On Tuesday night, Stephen told me it would be okay for caring people to write her, expressing their sympathy—if as we feared, the state would kill again. Other folks have told me that she had been somewhat attached to her privacy and may not want to be disturbed. I talked with her on Monday and found her to be glad to speak with me. We have had a bit of history though. I met Stephen back in 1989 or 1990, during a visit to the Missouri State Penitentiary in Jefferson City, a year or so before prison workers transferred the capital punishment prisoners to the then newly-constructed Potosi Correctional Center. During our visit at that time, Stephen stressed his innocence. He was the first "condemned" man I met in the Missouri prison system. It was the first time I had entered a state prison. Stephen really thankfully put me at ease, although I was somewhat intimidated with going behind the "Walls." I interviewed him for a radio program called "Zebra" focusing on prison issues, which I hosted on KOPN. From the prison I went to visit with Margie at her apartment just a few blocks away. I was greatly impressed by her steadfast support for her son and her willingness to have relocated to Jefferson City—rearranging her life-- to be there for her son. Bud Welch, whose daughter Julie was killed in the Oklahoma City bombing, said during his Missouri Journey of Hope talks in April that parents naturally strive harder to provide support to their kids, especially when they are in trouble.
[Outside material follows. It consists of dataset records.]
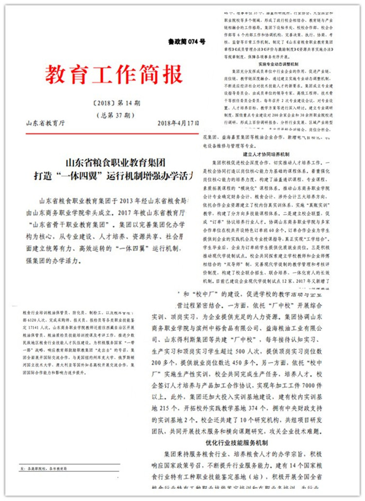 2018年4月17日,山东省教育厅《教育工作简报》在2018年第14期刊发我校集团化办学成果,具体刊文内容如下:
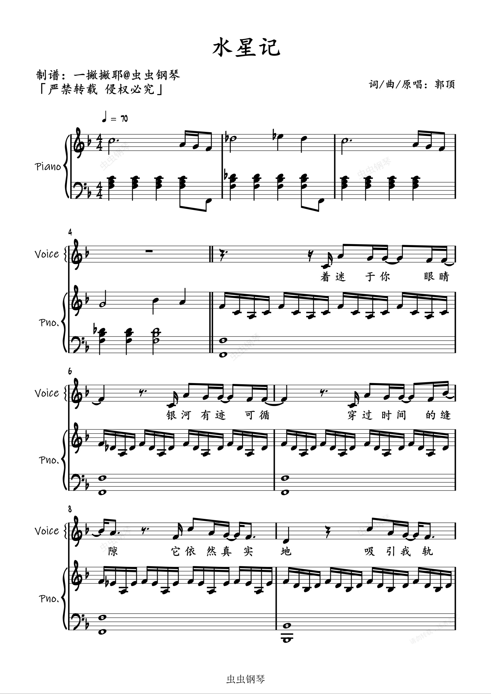钢琴谱:水星记【极限还原弹唱谱】郭顶「一撇撇耶」
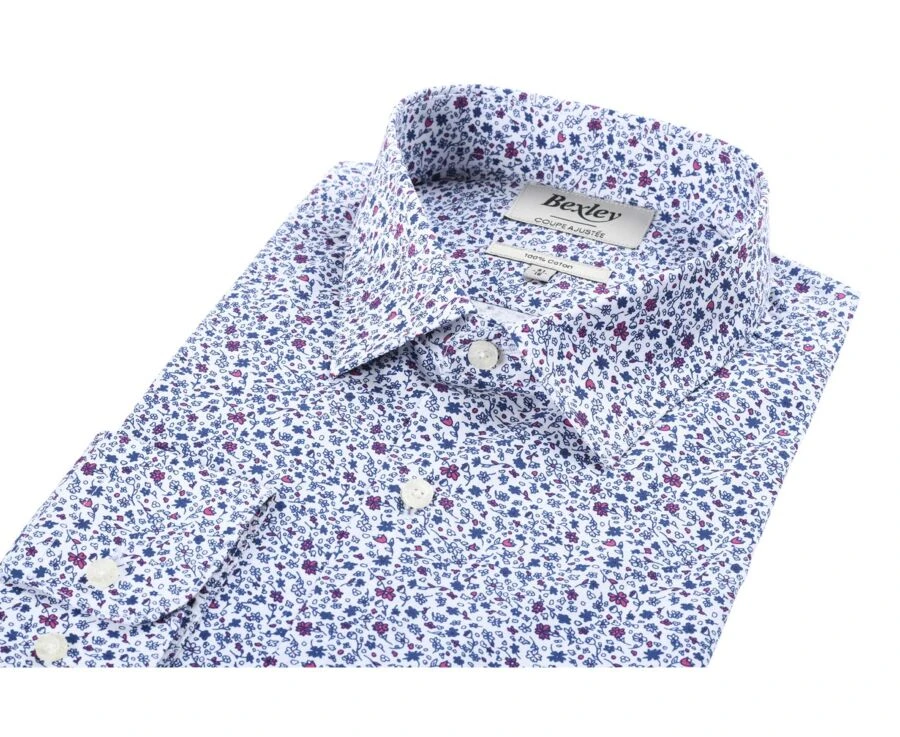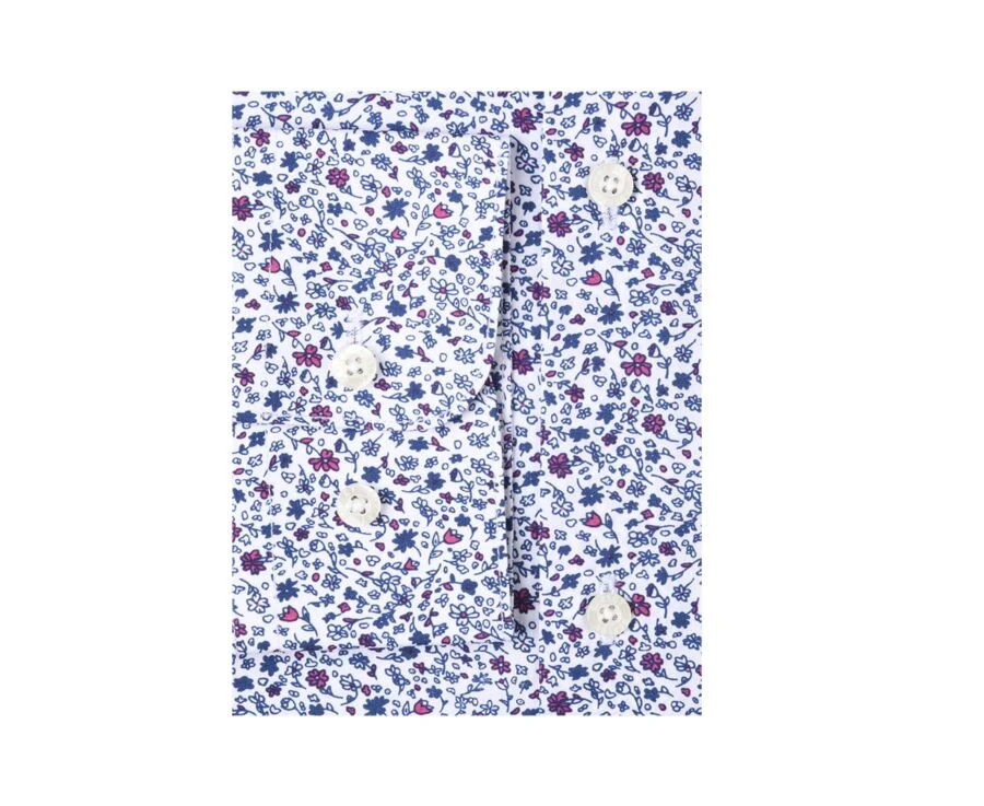 Chemise Coton Blanche Imprimée Fleurs Bleues Et Roses – THÉOBERT
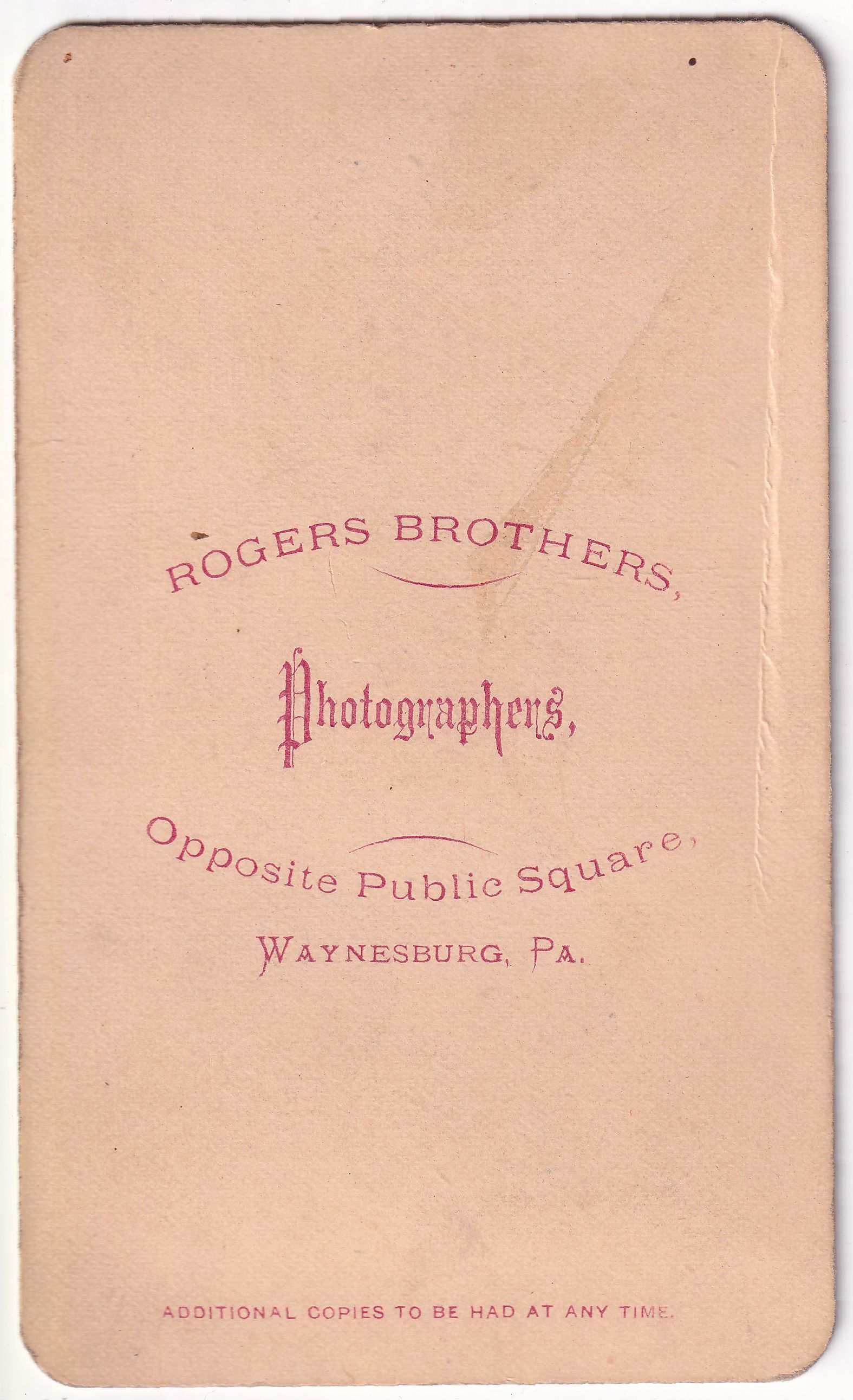 Original, professional photograph from Rogers Brothers, Photographers, Opposite Public Square, Waynesburg, Pa.Photograph Details
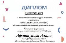 Поздравляем Афлятунову Алину и преподавателя Бадыкшину Наилю Дамировну со званием Дипломант в республиканском конкурсе "100/лица"Яхин моннары"г.Казань
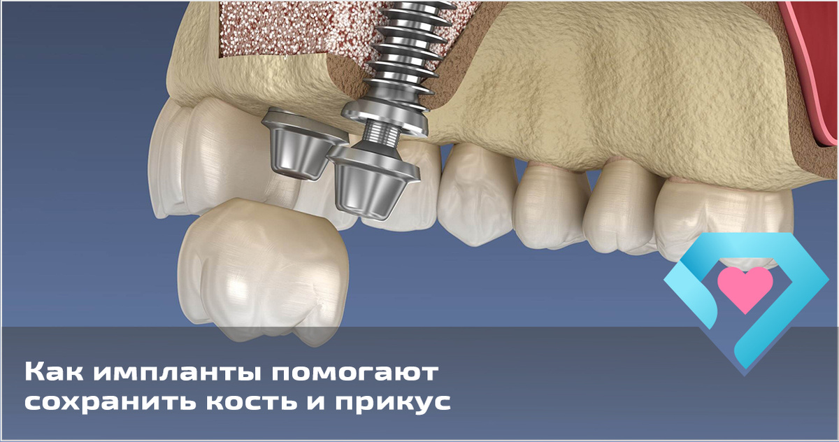 Потеря зуба — это не только эстетическая проблема. При отсутствии зуба костная ткань постепенно рассасывается, а прикус нарушается: соседние зубы смещаются, жевательная нагрузка распределяется неправильно, и со временем это приводит к проблемам с жеванием и изменению формы лица. Почему кость разрушается Корень зуба постоянно передаёт нагрузку на кость при жевании. Эта стимуляция поддерживает плотность костной ткани. Когда зуб утрачен, нагрузка исчезает — кость начинает атрофироваться, уменьшается её объём, и это негативно влияет на прикус и эстетический вид лица. Роль имплантов Дентальные импланты — это титановые конструкции, которые внедряются в кость и служат заменой корню зуба. После остеоинтеграции имплант передаёт жевательную нагрузку на кость, предотвращая её рассасывание. Имплант также стабилизирует прикус, удерживает соседние зубы на месте и восстанавливает полноценную жевательную функцию. В отличие от съёмных протезов, которые не передают нагрузку на кость, имплант сохраняет е

Thus it makes complete sense in considering Margie’s constancy. I have an incredibly difficult time imagining what it would be like to have a child (grown even) dwell under a death sentence and ultimately executed. The natural order of the world suggests the older generation should, after living a long life hopefully, expire to make room in this reality for a future generation. Our kids should live on after the parents.

I hadn’t communicated much with Stephen in the years since then. As I apologized to him and to her a few days I ago, I mentioned as an activist, I have felt compelled to practice a variety of triage in dealing with the death penalty—working on behalf on the men who are most in imminent danger of being executed, those typically already confronted with an execution date. Stephen continued to be in a legal holding pattern for years. And then he got his date.

Among the many memories I have, of Stephen, perhaps the most telling of his kind, joking and compassionate spirit came in our last conversation on Tuesday night, as I was driving to Potosi for the protest vigil. I asked him with as light-hearted manner as was possible, "So what kind of news have you heard (hoping for executive or other legal intervention)?" Without missing a beat, he jovially barked out, "Oh, I have got a lot of news." I took the bait, "oh, yeah?," hopefully I asked. "All of it bad," he continued. We laughed for a while and cursed. We chatted for about 15 minutes, expressed appreciation for each other and bade each other farewell. The vibrancy of this world has lost some color with the violent passing of Stephen Johns. Let us continue to struggle to end this abominable practice, taking life in a twisted manner to show our reverence for other lives.